– Конец один: произойдет то, что всегда происходит, когда рушатся миры. Те, у кого достанет ума и мужества, пройдут через все, другие же – другие будут просто отсеяны. По крайней мере, это интересно, если и не утешительно, стать свидетелем Геттердеммерунг.
– Чего свидетелем?
– Сумерек богов. Гибели богов. К несчастью, мы, южане, мнили себя богами.
– Опомнись, Эшли Уилкс! Что ты стоишь здесь и толкуешь мне о какой-то чепухе, когда это нас – понимаешь, нас! – вот-вот отсеют!
Что-то от ее отчаяния, ее бесконечной усталости, кажется, проникло в его сознание, призывая его обратно из блужданий по неведомым странам: он с нежностью взял ее за руки и, перевернув их ладонями кверху, посмотрел на заскорузлые мозоли.
– Прекрасней рук я не знаю, – сказал он и легонько дотронулся губами до ее ладошек. – Они прекрасны, потому что сильны, и каждая мозоль – как награда за мужество и самоотверженность. Они загрубели из-за нас: ты работала ради своего отца, сестер, Мелани, моего беби, ради негров и ради меня. Дорогая моя, я понимаю, о чем ты сейчас думаешь. Сказать? Ты думаешь: «Вот стоит никчемный, непрактичный глупец и разводит разлюли малину про мертвых богов, когда живым людям грозит опасность». Разве я не прав?
Она кивнула, желая только одного – чтобы он всегда так стоял и держал ее руки, но он выпустил их.
– Ты пришла ко мне в надежде, что я смогу помочь тебе. Вот видишь, а я не могу. – Он бросил горький взгляд на свой топор и кучу жердей. – Мой дом пропал, равно как и все мое состояние, которое я воспринимал как данность, даже не осознавая, что оно есть у меня. Я ни на что не годен в этом мире, а того мира, к которому я принадлежал, нет больше. Не смогу помочь тебе, Скарлетт, разве что буду учиться со всем возможным тщанием фермерскому труду, но фермер из меня никудышный, да и «Тару» этим не спасешь. Не думай, что я не осознаю бедственного нашего положения, живя здесь из милости – да, Скарлетт, да, благодаря твоей милости. Мне вовек не оплатить того, что ты сделала для меня и моей семьи по доброте своей сердечной. И с каждым днем я понимаю это все острее. С каждым днем я все яснее сознаю собственную беспомощность перед той силой, что на нас надвигается. И с каждым днем моего проклятого бегства от реальности мне все труднее становится посмотреть в глаза этой новой реальности, встретиться с ней лицом к лицу. Ты понимаешь, что я хочу сказать?
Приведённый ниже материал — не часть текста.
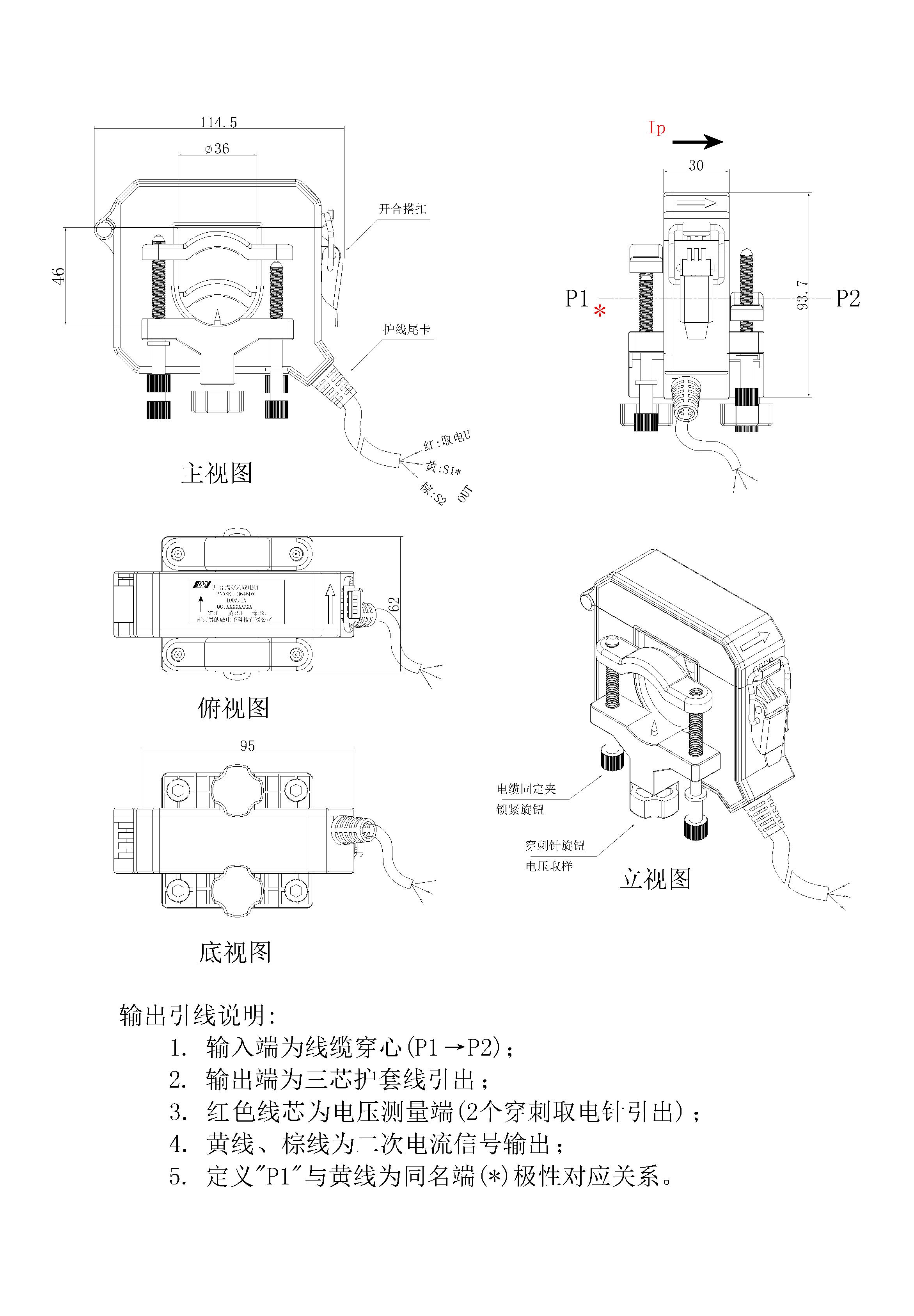 外观为双拼接颜色,可通过颜色判别安装方向和相别(A相-黄、B相-绿、C相-红)

Скарлетт опять кивнула, хотя понятия не имела, о чем он говорит и что творится у него в мыслях. Она просто ловила, впитывала в себя каждое его слово, даже дышать перестала. Ведь это было в первый раз, чтобы он вообще заговорил с ней о том, где он витает, когда кажется таким далеким и отстраненным. Это волновало необычайно – она чувствовала себя на грани открытия…
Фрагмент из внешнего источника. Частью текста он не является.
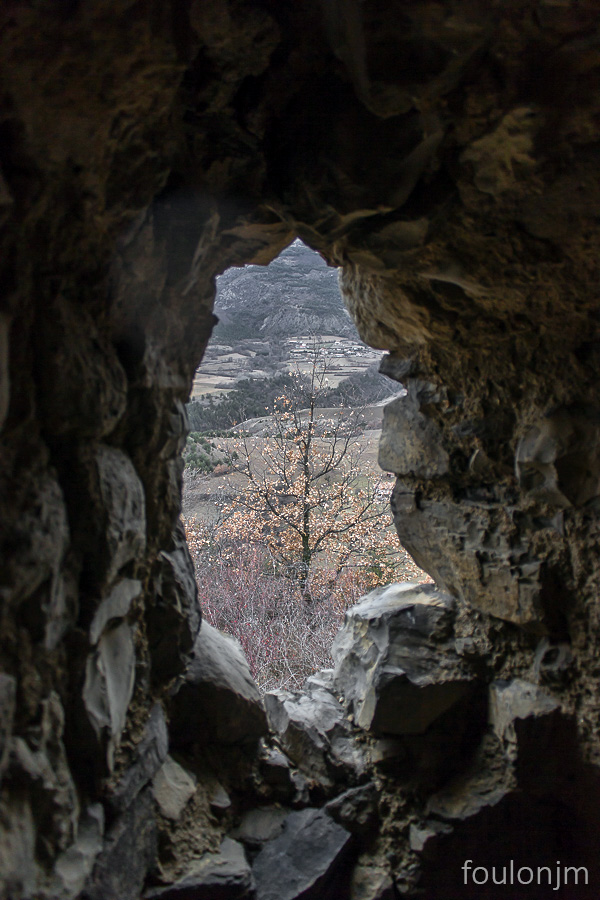 18La Chastelas - Vitrolles Hautes-Alpes (XIIe - XIVe) Vue vers l'Ouest au travers d'une ouverture dans la tour

– Да, это форменное проклятие – мое нежелание посмотреть на голые факты. До войны жизнь для меня была не более реальна, чем игра теней на занавеске. И я предпочитал тени. Я не люблю слишком четких очертаний. Мне нравится мягкая загадочность, легкая дымка… – Он прервался, чуть улыбнулся и поежился на холодном ветру, продувающем насквозь его тонкую рубашку. – Иными словами, Скарлетт, я трус.
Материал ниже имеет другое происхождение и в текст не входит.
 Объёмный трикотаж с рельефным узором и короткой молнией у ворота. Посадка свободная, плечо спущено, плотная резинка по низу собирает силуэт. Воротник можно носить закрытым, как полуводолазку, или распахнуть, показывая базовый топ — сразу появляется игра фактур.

Его речи о рисунке теней и туманных очертаниях ничего ей не дали, они лишены были всякого смысла для нее; но последние слова произнесены были на языке, который она понимала. И она знала, что это неправда. Трусости не было в нем. Каждая линия его стройного, гибкого тела ясно говорила, что он из рода настоящих мужчин – смелых и доблестных, а кроме того, Скарлетт прекрасно помнила о военных его подвигах.
– Ничего подобного! Разве трус мог бы забраться на пушку и воодушевить людей, как было в Геттисбурге? И стал бы сам генерал писать Мелани про труса? А…
– Это не мужество, – сказал он утомленно. – Сражение подобно шампанскому. Действует одинаково – что на героя, что на труса. Любой дурак станет храбрецом на поле боя, когда выбор – проще некуда: ты или смельчак, или покойник. А я говорю о другом. И моя трусость бесконечно хуже, чем если бы я бросился бежать при первых же пушечных залпах.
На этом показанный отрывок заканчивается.